В руках он держал предательски подтаявшее мороженое. Он непрерывно суетливо обтирал всюду капающее из пакетика и вытекающее, как его терпение, содержимое с надписью «крем –брюле»…
Рыжий, как сразу его прозвала Авоська, тут же бурно признался ей в своих чувствах ,сообщив при этом, что учится в «бурсе» на моряка, живет в «коммуналке» с бабушкой, на пресловутой Мясоедовской, и не мыслит жизни без нее и без цирка!
Авоська деликатно подлизывала растекшееся у неё «коктейлем» на ладошке мороженое, отстраненно вспоминая в деталях весь номер, в котором она, так лихо слетев с «одноколёски»- зашибла распухшую и ноющую теперь коленку. Думала, –как же она так просчиталась в секундах, сожалея, что не в силах послать к чёрту все эти «телячьи нежности »рыжего незнакомца, так не вовремя прилепившегося к ней «липким мороженым»...Хотелось сесть прямо здесь- где попало и «попричитать» над этой гнусной, ноющей болью коленкой, которая «гудела от злости» на бьющуюся об нее в кульке бутылку кефира, в ответ которая вот вот готова была взорваться, желая остаться здесь, на асфальте- лишь бы не Авоське на ужин .
Рыжий, как будто чувствуя подвох, был так находчиво - весел и красноречив, что пройдя пару кварталов, - они уже болтали, как будто вместе прожили всю жизнь. На Соборке они сели на лавочку и, смеясь, «выпотрошили» кулек с кефиром и гороховыми пирожками...
Сначала Авоська подумала, что это лучше чем ничего. Потом она вспомнила, что любовь –это нежное растение, что любовь всегда младше нас и мы, того не замечая- можем обращаться с ней грубо.
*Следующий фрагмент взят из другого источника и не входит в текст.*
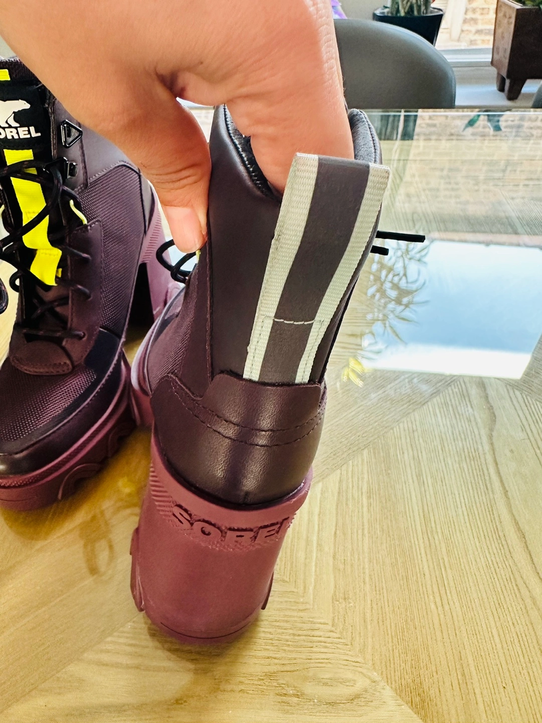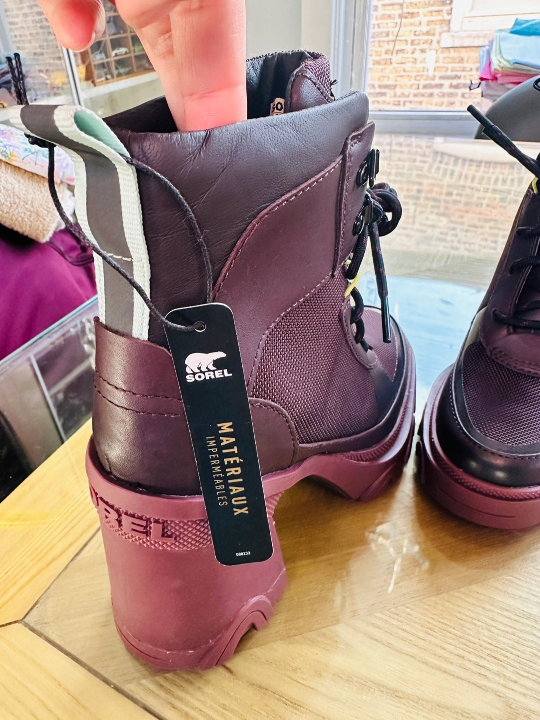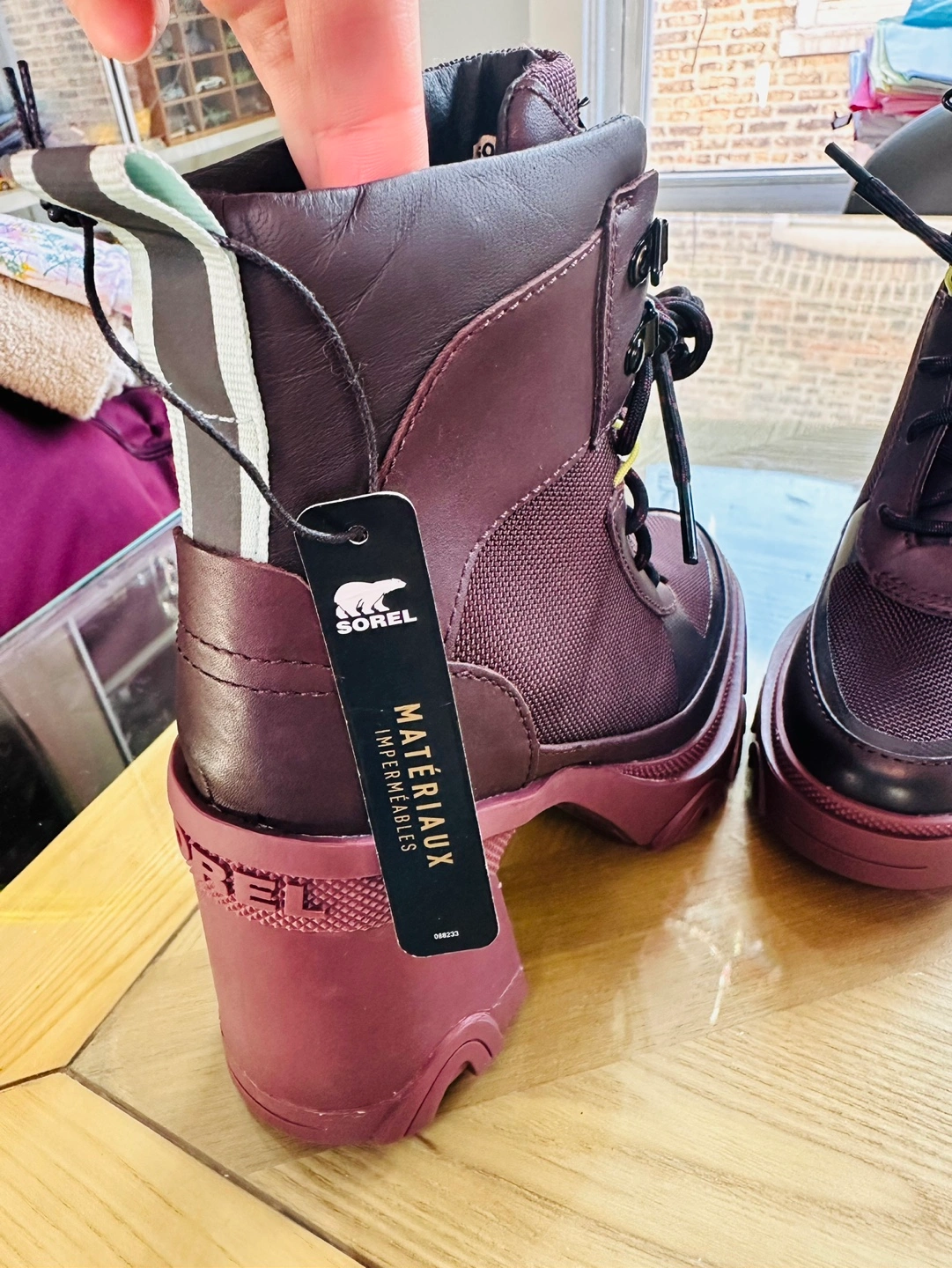Burgundy lace-up boots with a chunky heel.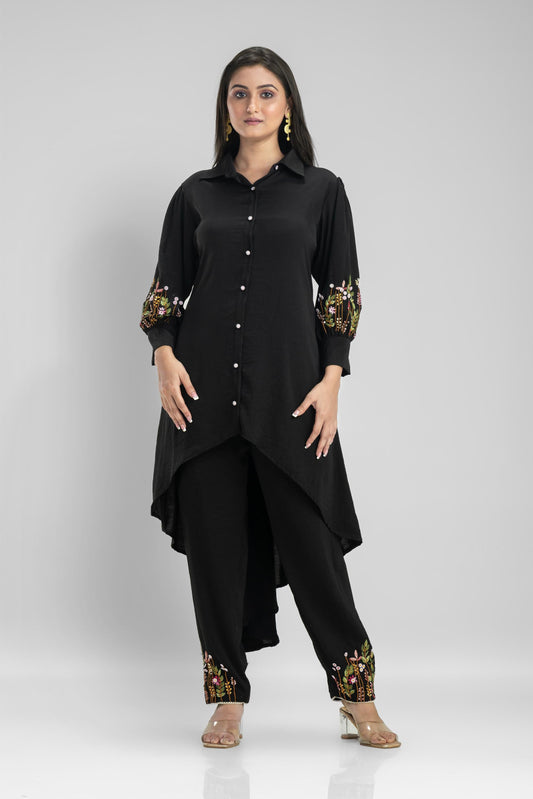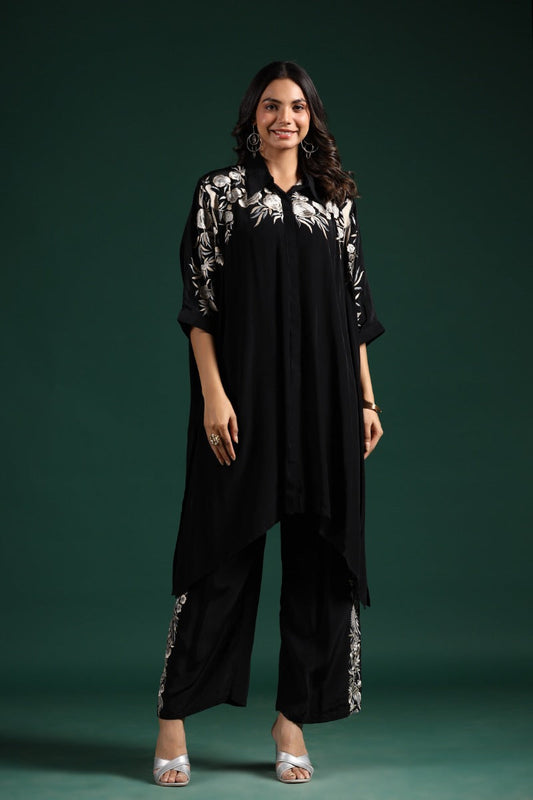 SummerFalling-Black Embroidered German Silk Co-Ord Set

Где-то, когда-то она это читала, или видела во сне .Вспомнила и испугалась …
Но когда он обнял ее, дав слегка пригубить лимонада из пенящейся бутылки, и они закружились с ним в танце « лимонадного» поцелуя- Авоська дрогнула всем сердцем ,дырявя глазами бескозырку, сдвинутую на бочёк, на серые лукавые глаза, на всё ту же удивительно «Малиновую улыбку». В миг представив, что любовь -это «вечное завтра» -захотелось безрассудно махнуть на всё рукой и принадлежать «завтрашнему ему» все-г-д-а-аааааааа!!!
Остров на Турунчуге.
В свадебное путешествие отпуска не дали, так что пришлось довольствоваться лишь тремя днями, и они решили махнуть на речку Турунчуг. На небольшой уютный островок их забросил местный рыбак, обещая заглянуть через пару дней .
Они плескались под хлынувшим на них «золотым дождем» солнца, в волнах тепла, наивной чистоты всей природы- пока не оказались в палатке, полностью в друг друге..
Ива зелёным водопадом- каскадно склоняла ветви к их ногам, Пение непуганых птиц !Скользя по воде, до них доносился вечерний, пьянящий запах «зелёного шума» листвы , цвета акаций, вперемешку с костром .Здесь царицей была «воля» и она укрыла их под своим крылом с радостью матери, так долго ждавшей своих детей .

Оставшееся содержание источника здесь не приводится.